# [THE TASK]
Please copy exactly the part of the records below that opens with the line containing "Immunohistochemistry of paraffin-embedded" and closes with the line containing "Hicks, Letta Faye", leaving out any pictures.

** Opening SOURCE DATA block **

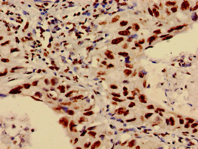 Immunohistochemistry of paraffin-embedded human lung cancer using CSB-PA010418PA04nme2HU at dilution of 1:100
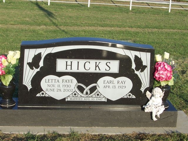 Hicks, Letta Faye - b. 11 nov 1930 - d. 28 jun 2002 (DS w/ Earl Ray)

** Closing SOURCE DATA block **
** Opening SOURCE DATA block **

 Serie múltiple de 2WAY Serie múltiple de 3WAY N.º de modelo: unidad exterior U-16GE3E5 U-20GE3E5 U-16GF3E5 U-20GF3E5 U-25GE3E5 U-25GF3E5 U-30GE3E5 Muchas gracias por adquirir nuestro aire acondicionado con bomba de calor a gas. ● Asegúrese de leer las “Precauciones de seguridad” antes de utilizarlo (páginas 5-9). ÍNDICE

** Closing SOURCE DATA block **
** Opening SOURCE DATA block **

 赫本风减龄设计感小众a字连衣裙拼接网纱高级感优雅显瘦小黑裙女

** Closing SOURCE DATA block **

# [SOLUTION]
 Immunohistochemistry of paraffin-embedded human lung cancer using CSB-PA010418PA04nme2HU at dilution of 1:100
 Hicks, Letta Faye - b. 11 nov 1930 - d. 28 jun 2002 (DS w/ Earl Ray)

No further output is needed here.